EXERCISE DATA
*** Block opens ***

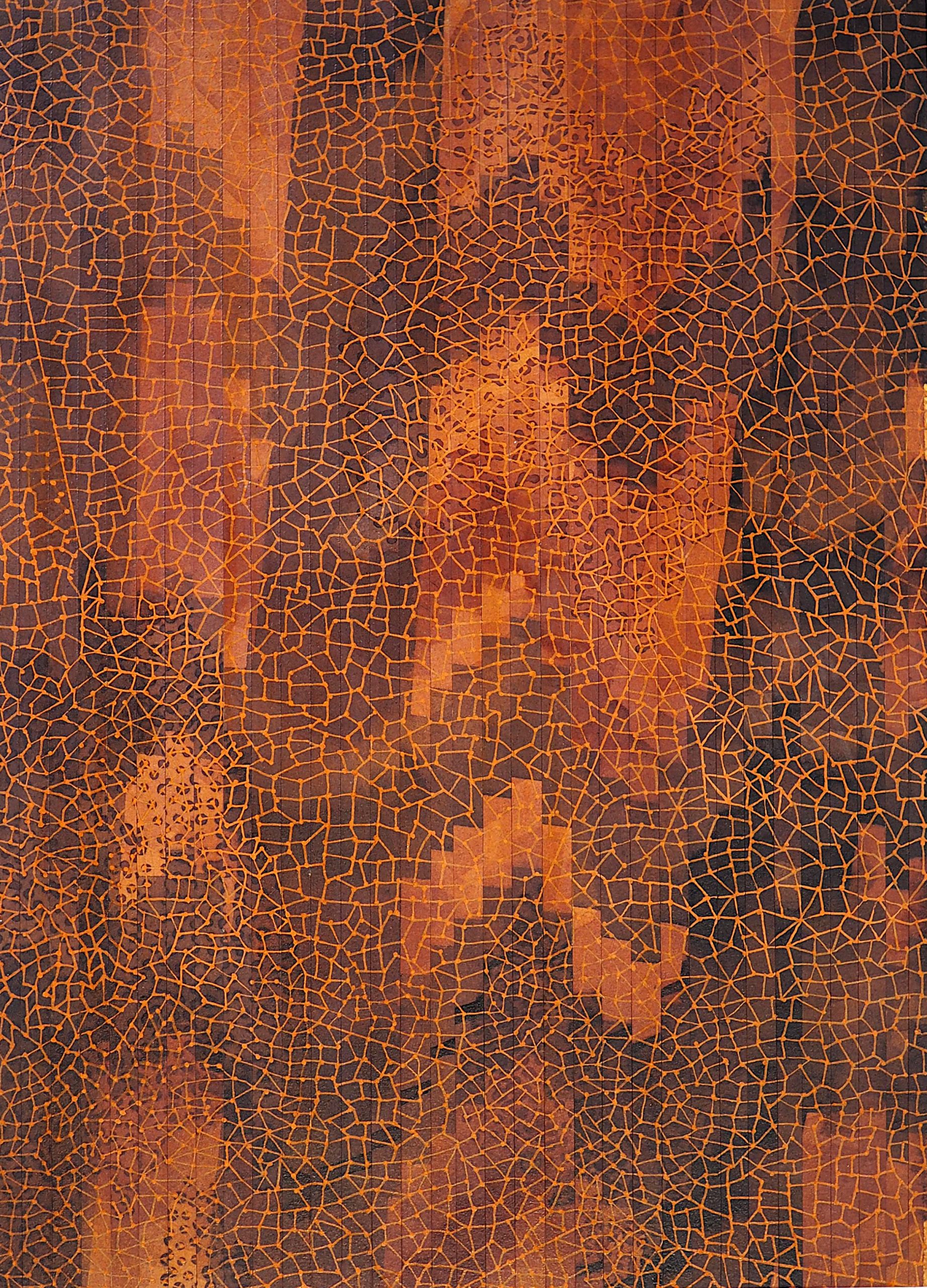 George Steinmann, Départs, 1998/2006, Blackberry juice, (1998) shellac, copper pen on handmade paper, cut, 60 x50 cm.
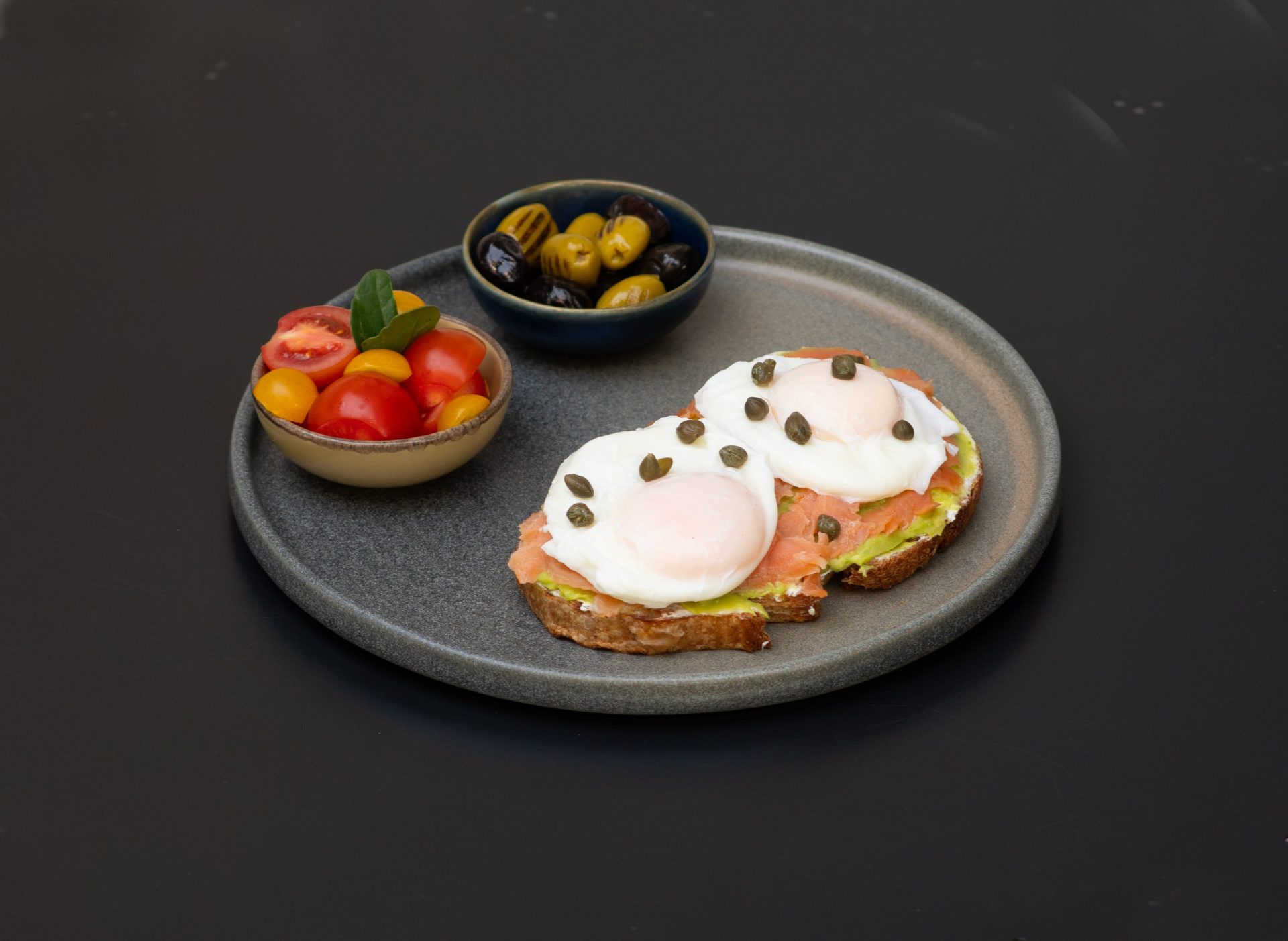 Somon füme, Avokado, Labne, Poşe yumurta, Kapari
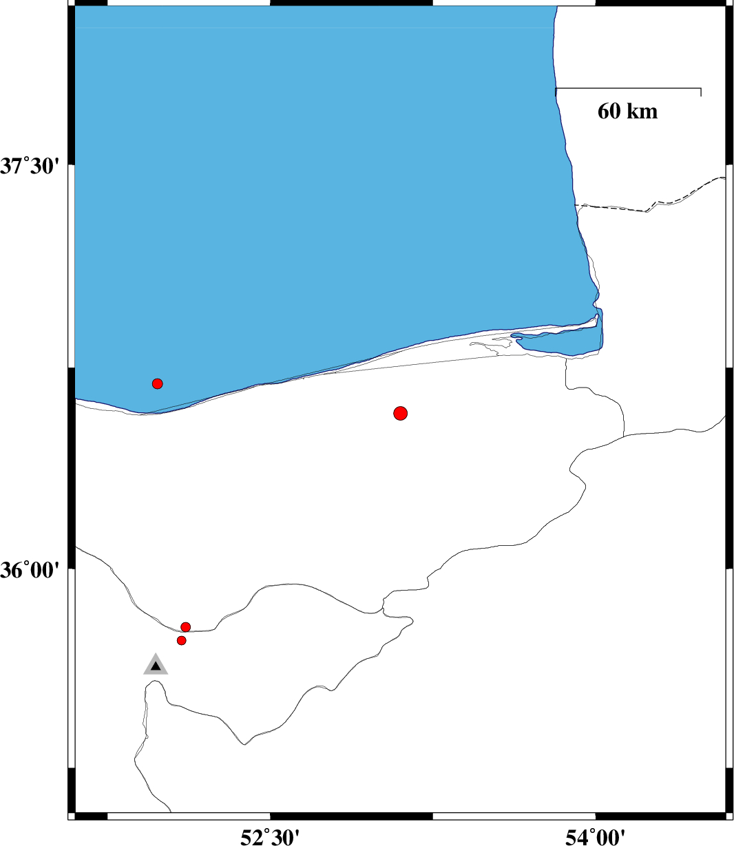 | 2015/06/03 | 13:21:05.1 | 17:51:05.1 | 36.69 | 51.98 | 14 | ML2.1 | Caspian Sea, 14 km North of Nur | ||
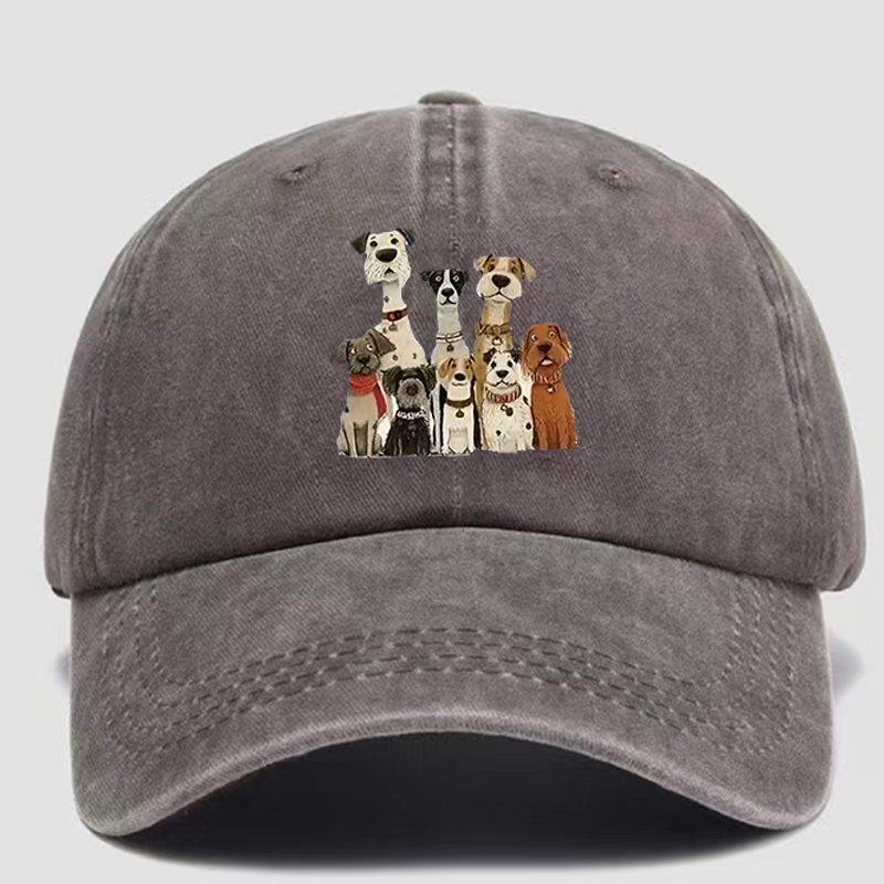 A set of dog-themed water-washed printed baseball caps, suitable for both Unisex and Women.

*** Block closes ***

WHAT TO WORK ON
Copy the data word for word. Pictures do not go in the copy.

REPLY
 George Steinmann, Départs, 1998/2006, Blackberry juice, (1998) shellac, copper pen on handmade paper, cut, 60 x50 cm.
 Somon füme, Avokado, Labne, Poşe yumurta, Kapari
 | 2015/06/03 | 13:21:05.1 | 17:51:05.1 | 36.69 | 51.98 | 14 | ML2.1 | Caspian Sea, 14 km North of Nur | ||
 A set of dog-themed water-washed printed baseball caps, suitable for both Unisex and Women.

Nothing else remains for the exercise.